このような手法が生まれたのは、海外における公共サービスの民間開放の流れと国内の
「骨太の推進」改革や地方分権の進展、行政プロセスに対する評価などが背景に存在する
ためである。故に、官民分担の見直しは、企業、NPO、個人が公共サービスの多元的な提
供者として重要な役割を担うということも意味している。
PPP の効果は、①サービス産業の振興・雇用創出、②行政コストの削減による財政再建、
③サービス水準の向上が期待される。つまり「量だけでなく、質の変化」が起き、多様な
手法を活用し、最も効率良く、質の高い公共サービスを提供することが可能になる。Best
VFM が実現できるのである。
PPP の分類・形態には様々な場合がある。例えば、新たな社会資本整備・公共サービス
の提供として、管理運営・建設を全て行政が担当していた公設公営という立場から、公設
民営や民設公営、民設民営という形態に移行することができる。
公共サービス全般において、今までの概念を取り除き、PPP の活用を検討しながら、シ
ステム化を進めるべきである。また、完全に市場に任せることはせず、「ガバナンス」の主
体・形態を見直し、各事業は経営の採算を確保、適切な PPP の手法を選択することが重要
である。そして、多様な主体の参加と対等なパートナーシップを組むため、情報を共有し、
民間と行政の責任の明確化、手続きの透明性に務めなければならない。そこで、PPP の受
け皿となる民間主体の創出・コーディネート機能を充実させる必要が求められている。
・コミュニティビジネス
コミュニティビジネスとは、地域の人々が、地域に眠っている労働力、原材料、技術力
などの資源を活用して行う小規模ビジネスであり、利益の追求に加え、地域問題の解決を
目指すものである。ただし、利益の追求を第一にせず、地域性と事業性の 2 つの要素を持
つことが必要条件である。また、変革性や市民性、貢献性を含んでいるものも存在し、地
域を豊にするものとして、全国的に広がっている。
この背景には、民間企業や地方自治体による公共サービスではカバーしきれない問題が
近年増加し、これを受けて地域住民自らがコミュニティの課題に取り組む必要があるとい
う動きが出てきたためである。
実施主体は、NPO(民間非営利活動団体)を中心に、企業組合、農業法人のほか、社会
貢献を謳う企業(合資会社、合名会社、有限会社、株式会社)などにより運営されている。

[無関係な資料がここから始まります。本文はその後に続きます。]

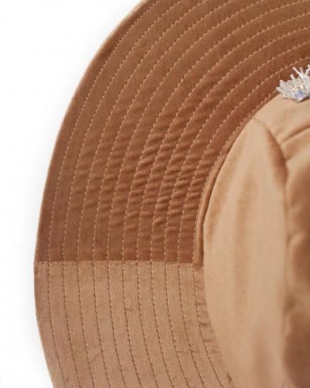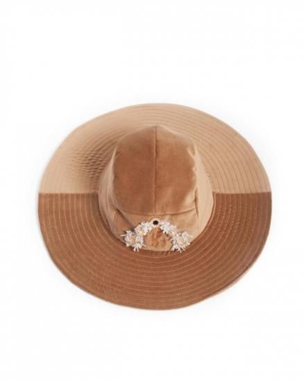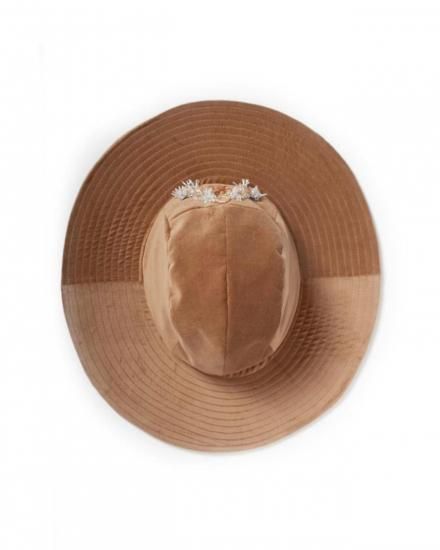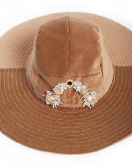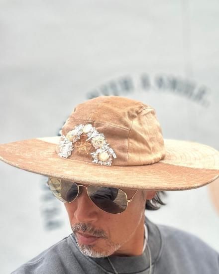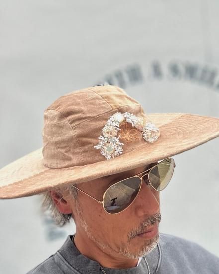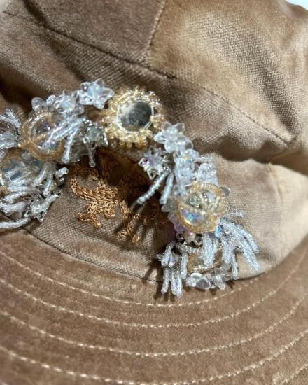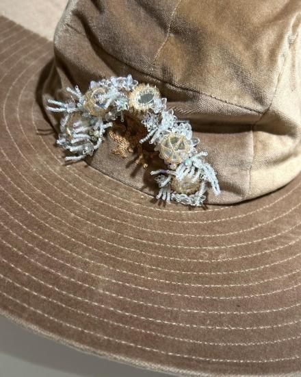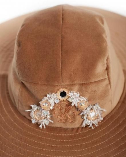 SEVESKIG セヴシグ Velvet Jet Hat ver, Hayato ベルベット ハット "上品な光沢を放つベルベット素材と、クラシックなワイドブリムのシルエットが特徴的なJet Hat。 中央にあしらわれた立体的な装飾モチーフは、ジュエリーデザイナー【Hayato】によるデザインで、ジュエリーのような存在感を演出します。 落ち着いたブラックとエレガントなベージュの2色展開。 コーディネートの主役として存在感を放ち、フォーマルからアバンギャルドまで、幅広いスタイルにマッチするアイテムです。 " COTTON 100% MADE IN JAPAN

特に NPO は、政策型の NPO と事業型の NPO という 2 つの性格に分けることができる。
このうちコミュニティビジネスは、事業型 NPO に近いものとして見ることができる。2 つ
の NPO は事業目的や事業主体・展開、経営収支、対象についてそれぞれ特徴を持っている
が、事業型 NPO であるコミュニティビジネスは、地域のニーズに合わせた事業を進め、費
用は事業からの収入で賄い、生活需要を目標として活動している公益セクターとして存在
している。政策型 NPO の共生セクターとは異なるものである。
コミュニティビジネスを実施することで、経済が活性化されることにより地域の雇用創
出が見込まれることや地域で問題となっている案件が解決されることが大いに期待される。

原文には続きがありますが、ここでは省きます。